By Merit Munzwembiri
Zimbabwe’s participation at the 53rd India International Film Festival demonstrated that history imposes itself on the present.
This emerged when the Zimbabwean delegation led by Information, Publicity and Broadcasting Services, Minister Senator Monica Mutsvangwa visited the 321-year-old St Barbara’s Parish in Goa.
Zimbabwe and India’s Goa City share an intertwined history. Legend has it that one of Munhumutapa’s sons Prince Dome Miguel was once a leading Catholic priest at this church built in 1701.
The tour by Minister Mutsvangwa signified a retrace of the footsteps of the Munhumutapa State, which had its vast diplomatic empire stretching as far as Goa in India.
The walk back into history revealed how the first colonisers of Goa, the Portuguese’s gold trade was responsible for the expansion of the Munhumutapa empire.
Vicar of St Barbara’s Church, Father Arnaldo Pinho confirmed the deep-rooted contemporary relations between India and Zimbabwe owing to the prominent role played by the Portuguese engineers in the construction of the Kariba Dam.

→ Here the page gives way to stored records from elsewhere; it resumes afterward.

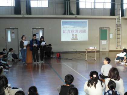 その後,健康委員さんから「給食感謝週間」について話がありました。給食調理員さんや食材を作ってくださっている方々に感謝の気持ちをもつようにしたいと思います。また,豆つまみ大会も行われます。みんながんばって練習をしています。
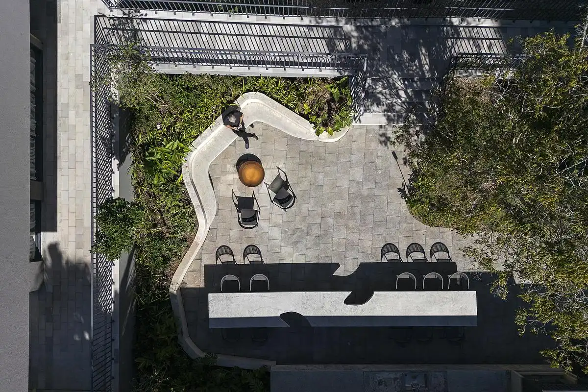 The open ground floor was motivated by a desire to break from the prevalent urban trend of walls and gates, fostering a more generous interface with the city. By removing barriers, the design reconnects private and public realms, encourages visual and spatial continuity, and creates opportunities for social interaction, allowing residents and passersby to engage with the building and its landscaped outdoor spaces.
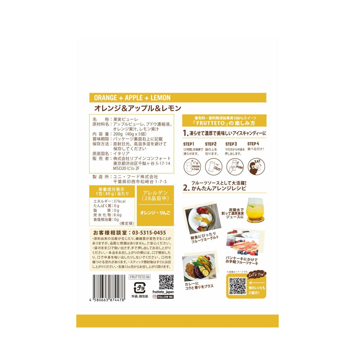 商品名:Frutteto(フルッテート)オレンジ&アップル&レモン 40g×5個入
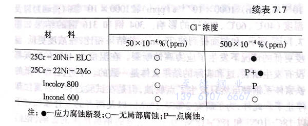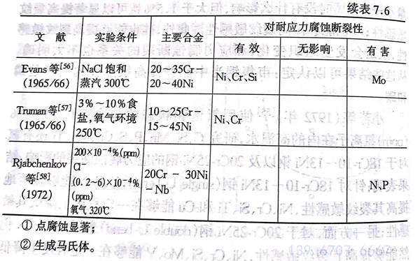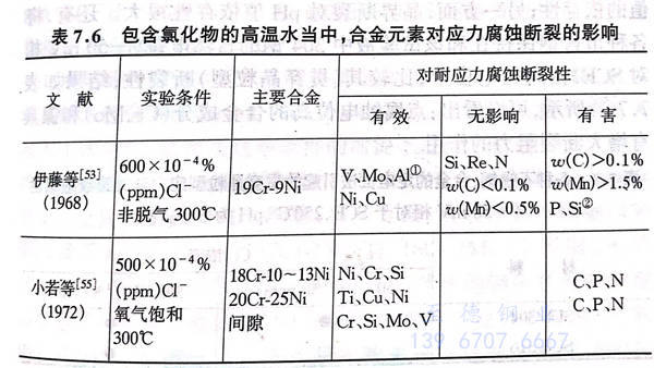 小若等(deng)(deng)(1972年)使(shi)用氧(yang)飽和狀態的(de)包含500x10-4%(ppm)氯離子(zi)在(zai)(zai)內(nei)的(de)高(gao)溫水(shui),研究(jiu)C、Si、Mn、P、S、Cu、Mo、Ti還有(you)氮對(dui)(dui)于18Cr-10~13Ni鋼(gang)(gang)以(yi)(yi)及20Cr-25Ni鋼(gang)(gang)的(de)應力腐蝕斷裂的(de)影(ying)響,結(jie)果(guo)表明:針對(dui)(dui)18Cr-10~13Ni鋼(gang)(gang)(single U-bend),C、P、N能(neng)(neng)夠(gou)顯著地提高(gao)其裂紋敏感(gan)性(xing),Ni、Cr、Si、Ti和Cu能(neng)(neng)夠(gou)在(zai)(zai)一(yi)定程(cheng)度(du)上降低(di)其敏感(gan)性(xing);另一(yi)方面,對(dui)(dui)于20Cr-25Ni鋼(gang)(gang)(double U-bend)來說,C、P、N仍然能(neng)(neng)夠(gou)提高(gao)其裂紋敏感(gan)性(xing),Ni、Cr、Si、Mo、V能(neng)(neng)夠(gou)在(zai)(zai)一(yi)定程(cheng)度(du)上降低(di)其敏感(gan)性(xing)。根據(ju)這些研究(jiu)結(jie)果(guo)開(kai)發出(chu)了0.02C-2Si-25Cr-25Ni-2.7 V鋼(gang)(gang),并通過使(shi)用氯離子(zi)500x10-4%(ppm)、300℃、非脫(tuo)氣的(de)高(gao)溫水(shui)進行1000h的(de)試驗(yan),確認沒有(you)斷裂發生(sheng)。將上述(shu)伊藤等(deng)(deng)、小若等(deng)(deng)有(you)關合金元素(su)影(ying)響的(de)試驗(yan)結(jie)果(guo)同日本(ben)國外的(de)實驗(yan)結(jie)果(guo)相比較,總結(jie)出(chu)表7.6.根據(ju)表7.6可以(yi)(yi)看出(chu):在(zai)(zai)高(gao)溫水(shui)中,除了鎳以(yi)(yi)外鉻也能(neng)(neng)夠(gou)有(you)效地增(zeng)(zeng)大斷裂阻(zu)力,這一(yi)點日本(ben)國內(nei)外的(de)意見是一(yi)致的(de);另外銅(tong)對(dui)(dui)于增(zeng)(zeng)大斷裂阻(zu)力也是很有(you)效的(de)。

After the Kariba Dam wall collapse where 86 perished, a Catholic Church was constructed in their honour.
The tour of these ancient buildings whose history is emotively connected to Zimbabwe’s history represents one of the many untold stories of our nation’s past. To this end, Senator Mutsvangwa said this is an important story to tell and should be used to promote creative collaboration in film between Zimbabwe and India’s historic links.
Goa can be the city of spices, and the tourist hub that it is but the buildings are not just relics, but an epitome of relations that once existed and must be cherished.